There’s some real AMD news and some ridiculous news out there, too.
For the first, XBit Labs has told us when Denebs are supposed to show up and what the initial ones will be like.
They will:
- Show up January 8, 2009 at the CES show in Las Vegas
- Come in 2.8GHz and 3GHz
- Come in at the 125-watt power class
All of this is quite believable based on what we already know about the chip.
In contrast, none of this is believable at all. This purports to show, without any attribution at all, a CPU-Z of an Deneb popping along merrily at 4GHz while using a mere 1.168V.
How believable is this?
Let’s look at a Deneb we know about and see what it did at what voltages.
- Engineering sample, Family F, Model 4, Stepping 0
- Apparent default voltage 1.224V, runs up to 2.8GHz at that voltage
- To hit 3GHz, 1.336V is needed
- To hit 3.2GHz, 1.424V is needed
- To hit 3.4GHz (and a bit beyond), 1.568V is required.
Let’s compare this to the alleged Deneb:
- Engineering sample, Family F, Model 4, Stepping 1, so this is just a single simple stepping change using the same process and process chemistry (no high-K) as the earlier Deneb. Same process shrink, same processor chemistry.
- 4.0GHz, 1.168V
To believe the “new Deneb” numbers, you have to believe this new Deneb, with just a single stepping change, can:
- Run 43% faster using 5% less voltage than the old one
- Run at 4GHz while using 12% less voltage than the “old Deneb” did at 3GHz
- Run at 16% faster at 4GHz while using 27% less voltage than the “old Deneb” did at 3.441GHz.
If you believe that, I have a bridge and a lot of other things I can sell you. That’s not a stepping improvement, that’s a miracle. Not even Barack Obama could get that level of improvement from a single stepping . Intel got far less from the 45nm process shrink and using high-k.
And whoever came up with this fantasy didn’t stop there, I guess it wasn’t piled high or deep enough. This was the little miraculous brother, there was supposed to be a 4.4GHz one around.
Please understand, it’s not the speed that makes this BS; it’s the ludicrously low voltage being claimed that crapifies this claim. If someone came up with a CPU-Z screen showing a Nehalem running at 5 or 5.5GHz at default voltage, I’d say exactly the same thing for exactly the same reasons.
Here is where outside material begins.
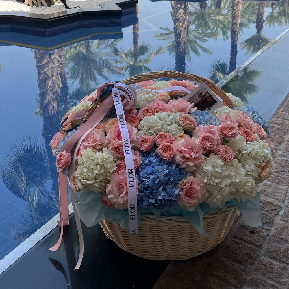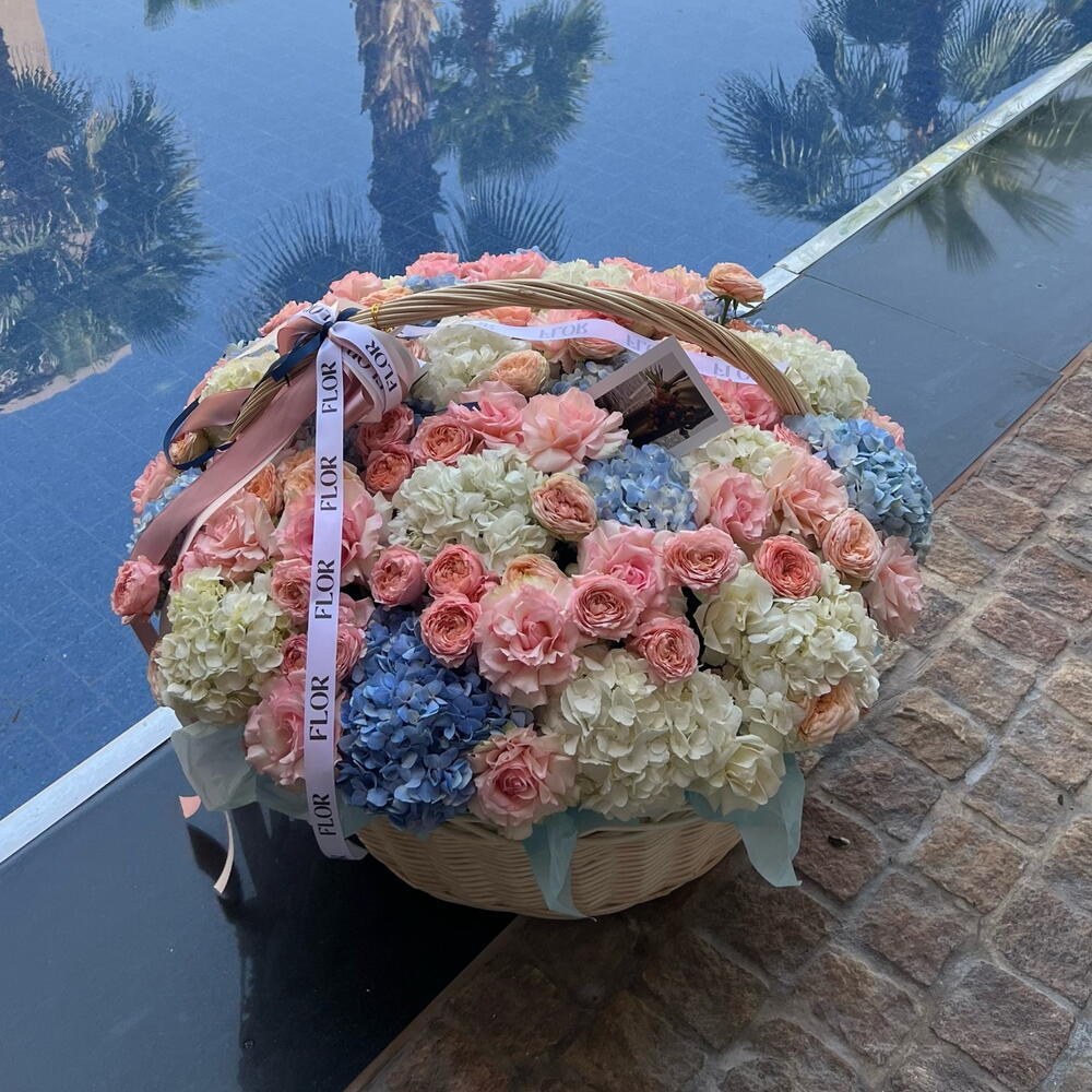This luxurious composition, which includes 15 mesmerizing hydrangeas, 15 delicate Julieta roses and as many as 30 fragrant ordinary roses, will be the perfect gift for any celebration. Each flower in it is carefully selected to create a harmonious and exquisite composition in a luxurious basket. This set will undoubtedly please any connoisseur of tenderness and beauty and demonstrate your taste, style and care. It can be presented as an expression of love, respect or gratitude, and it will be appreciated.
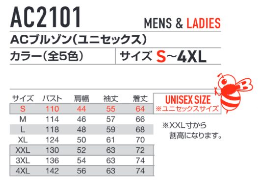 ■同梱内容:ブルゾンのみ AC2101 遮熱長袖ブルゾン(ハイバックファン)×1着

If AMD had a chip from the Deneb generation that could do this, even just one, they would be screaming so loudly and so publicly about this, you wouldn’t be able to hear anything else. Almost overnight, the stock price would double, and probably go a lot higher than that afterwards. It would save a company that desperately needs salvation. If you think AMD would keep something like that secret, you don’t live in the real world; you live in Hollywood.